Source: Item 23 — RECEIPT (FDD pages 44–190)
What This Means (2025 FDD)
According to Itan's 2025 Franchise Disclosure Document, Section 8.2 outlines the requirements for approval of a transferee in an area development agreement, while Section 19.2 details the requirements for a standard franchise agreement transfer. Both sections state that any transfer without Itan's approval is void and constitutes a breach of the agreement. However, Itan will not unreasonably withhold approval if certain conditions are met.

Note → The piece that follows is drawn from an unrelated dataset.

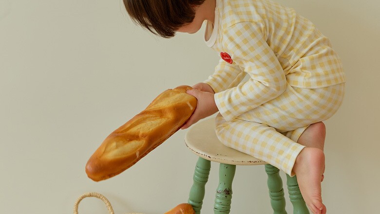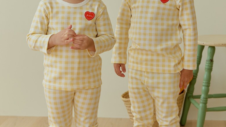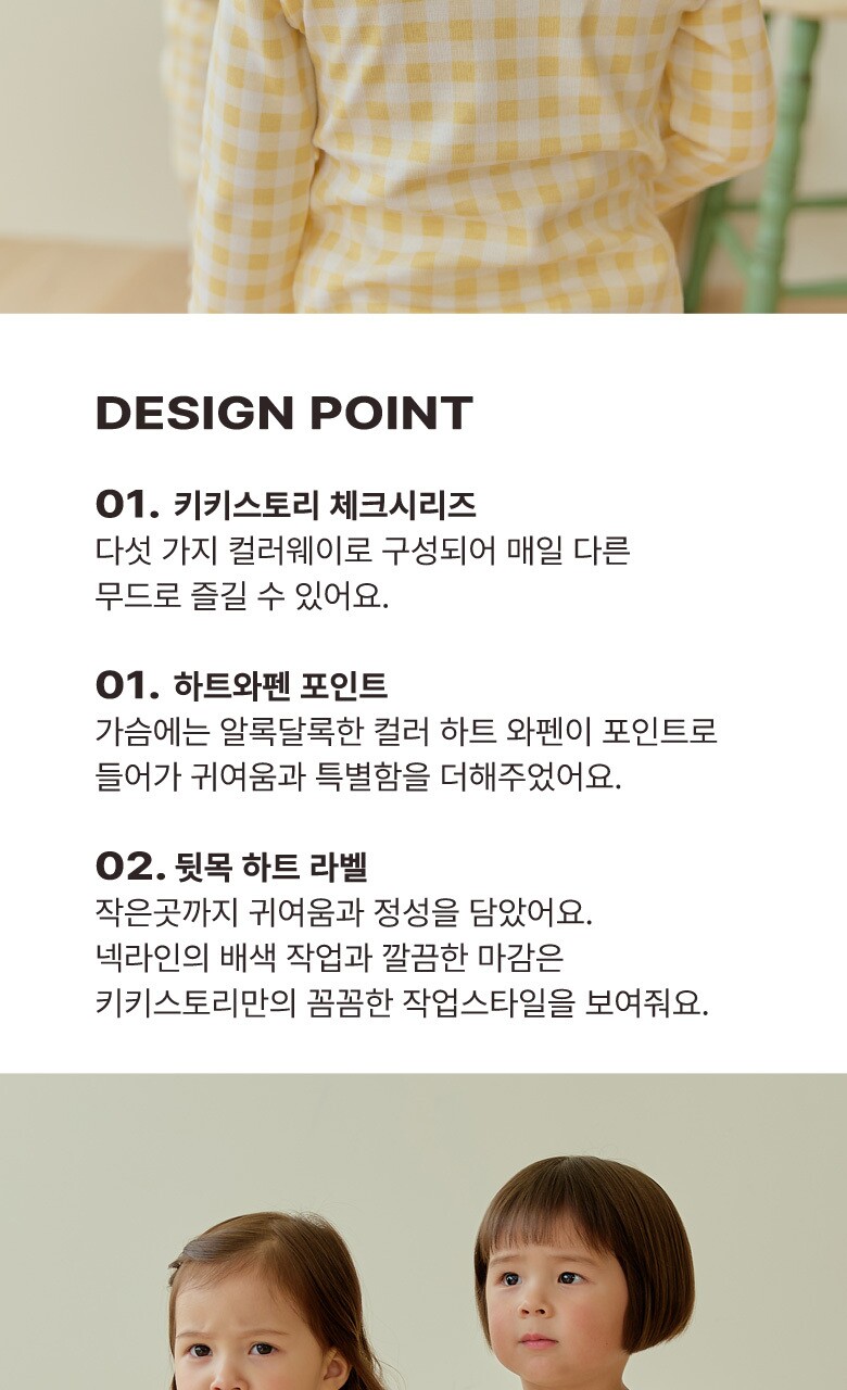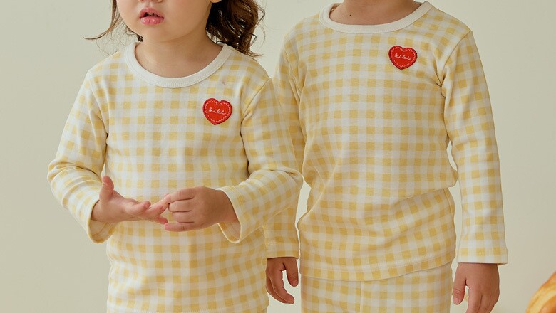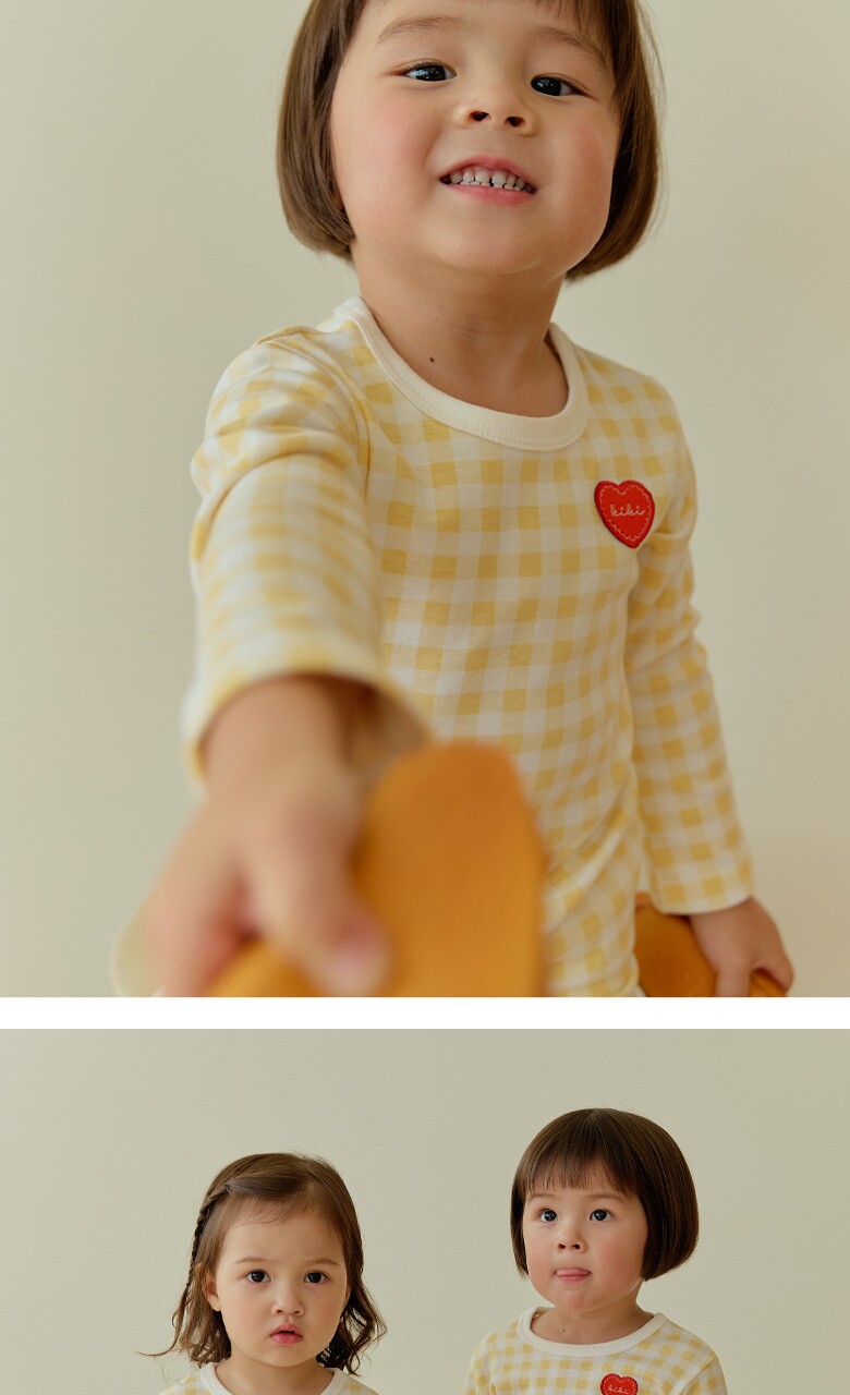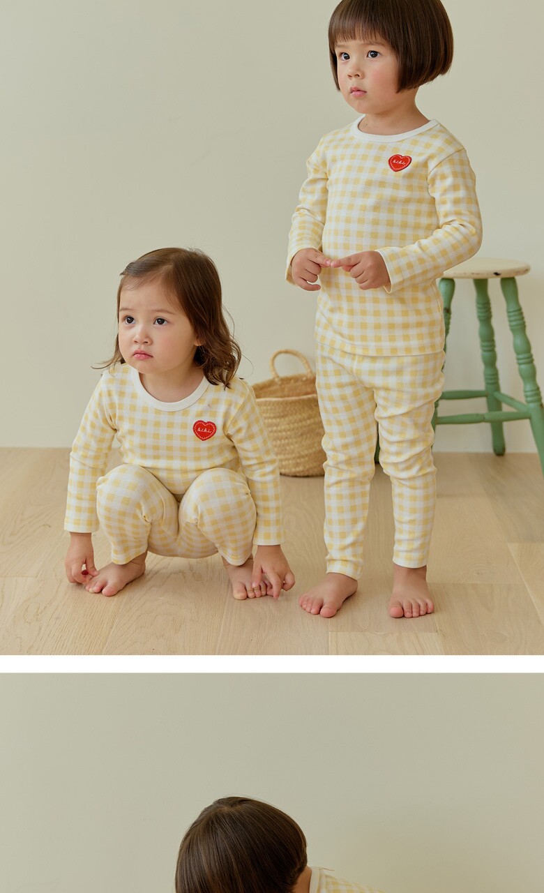 하트와펜 체크 옐로우 코튼스판 아기 내복 긴팔 가을 유아 아동 내의 실내복

For an area development agreement, these conditions include Itan believing the transferee has sufficient business experience, aptitude, and financial resources to develop and operate the remaining required salons, and that the transferee meets Itan's minimum criteria for area developers. Additionally, the transferor must be in full compliance with all definitive agreements, and the transferee's owners must successfully complete the initial training program and pay any applicable training fee. The transferee and its owners must also sign Itan's current form of area development agreement and pay a $10,000 transfer fee.
For a standard franchise agreement transfer, the conditions are similar. Itan must believe the transferee has sufficient business experience, aptitude, and financial resources to own and operate a salon and meets Itan's minimum criteria for franchisees. The transferor must be in full compliance with all definitive agreements, and the transferee's owners must successfully complete the initial training program and pay any applicable training fee. The transferee must also agree to remodel the salon to conform to Itan's current standards within 12 months and pay a $10,000 transfer fee.
In both cases, the transferor and their owners must sign a general release, and Itan must not exercise its right of first refusal. Additionally, both the transferor and transferee must satisfy all other conditions Itan reasonably requires for approval of the transfer. These conditions ensure that any new franchisee or area developer meets Itan's standards and is capable of successfully operating the business, protecting the brand and the interests of other franchisees.